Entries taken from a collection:
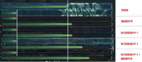 2. 猫的医疗术和体力回复量UP可以叠加,可到体力回复量UP4级的效果,与炮术猫饭和体术猫饭一致。
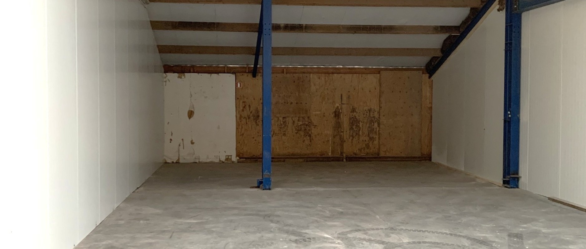 Stalen constructie, betonvloer op zandbed gestort (monoliet afgewerkt, vloeistofdicht), geïsoleerde gevelbeplating sandwichpaneel, stalen dak met zonepanelen, volledig geïsoleerd, bestraat en omheind buitenterrein.
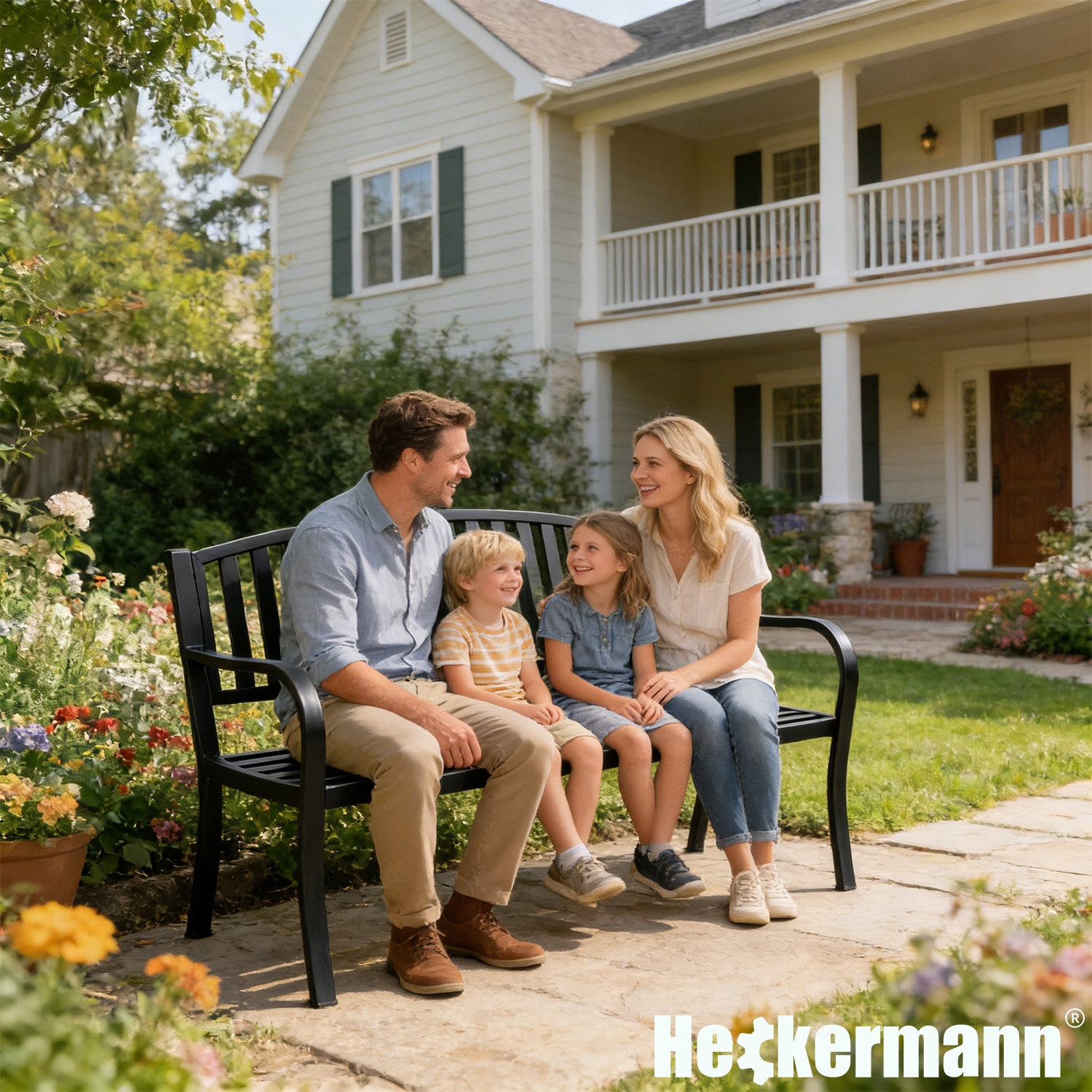 Czarna kolorystyka oraz klasyczna forma sprawiają, że ławka ogrodowa Heckermann doskonale komponuje się z:
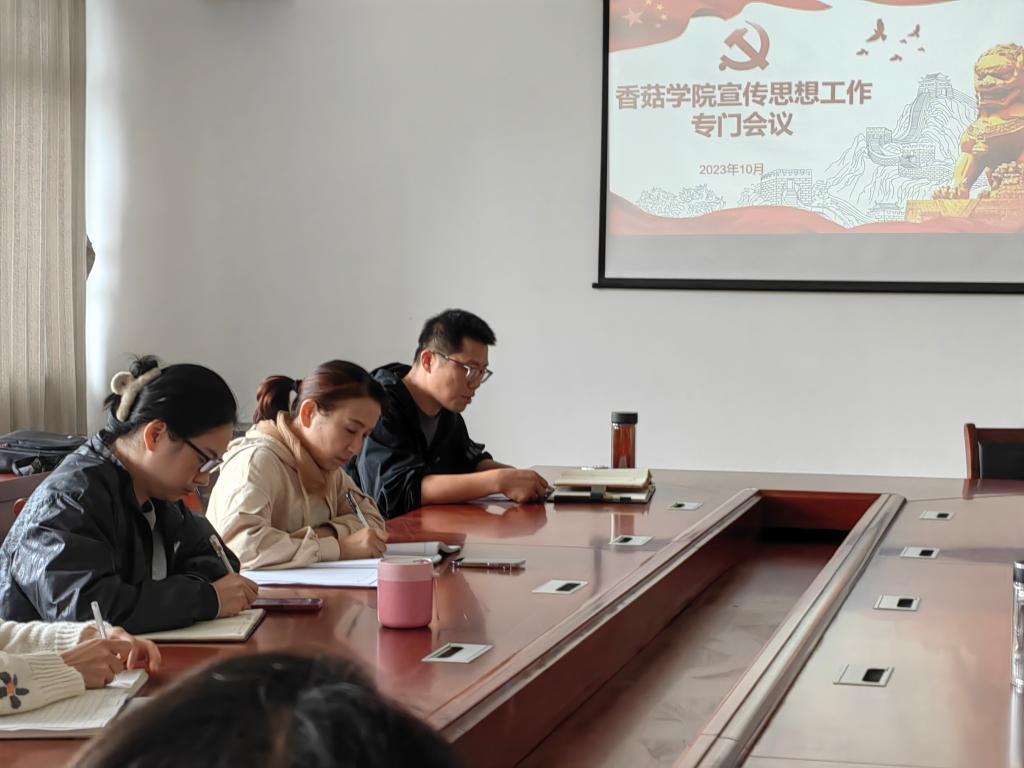 执行院长王琳主持会议。香菇学院全体教师参加了此次宣传教育专门会议。
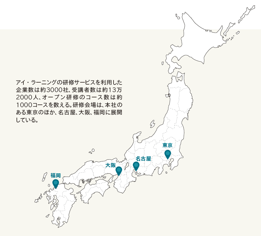 アイ・ラーニングの研修形態には、これまでに紹介してきた「オープン研修」のほかに、「プライベート研修」もある。オープン研修は、カリキュラムと開催日があらかじめ設定されている研修コースで、複数の企業が参加する形態。「プライベート研修」は個別の企業向けに企業の意向を踏まえてカリキュラムをカスタマイズして行う研修である。
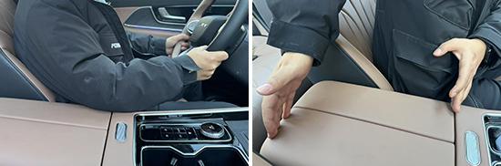 前排中央扶手尺寸适中,表面包裹皮革,舒适性好。虽然中央扶手不支持前后移动和角度调节,但司机在驾驶过程中仍然可以将肘部靠在上面。

WORK REQUIRED: Write back word for word every line in the entries above from the one with "Stalen constructie, betonvloer" to the one with "执行院长王琳主持会议。香菇学院全体教师参加了此次宣传教育专门会议。", ends included, and none of the pictures.

SOLUTION TO THE EXERCISE:
 Stalen constructie, betonvloer op zandbed gestort (monoliet afgewerkt, vloeistofdicht), geïsoleerde gevelbeplating sandwichpaneel, stalen dak met zonepanelen, volledig geïsoleerd, bestraat en omheind buitenterrein.
 Czarna kolorystyka oraz klasyczna forma sprawiają, że ławka ogrodowa Heckermann doskonale komponuje się z:
 执行院长王琳主持会议。香菇学院全体教师参加了此次宣传教育专门会议。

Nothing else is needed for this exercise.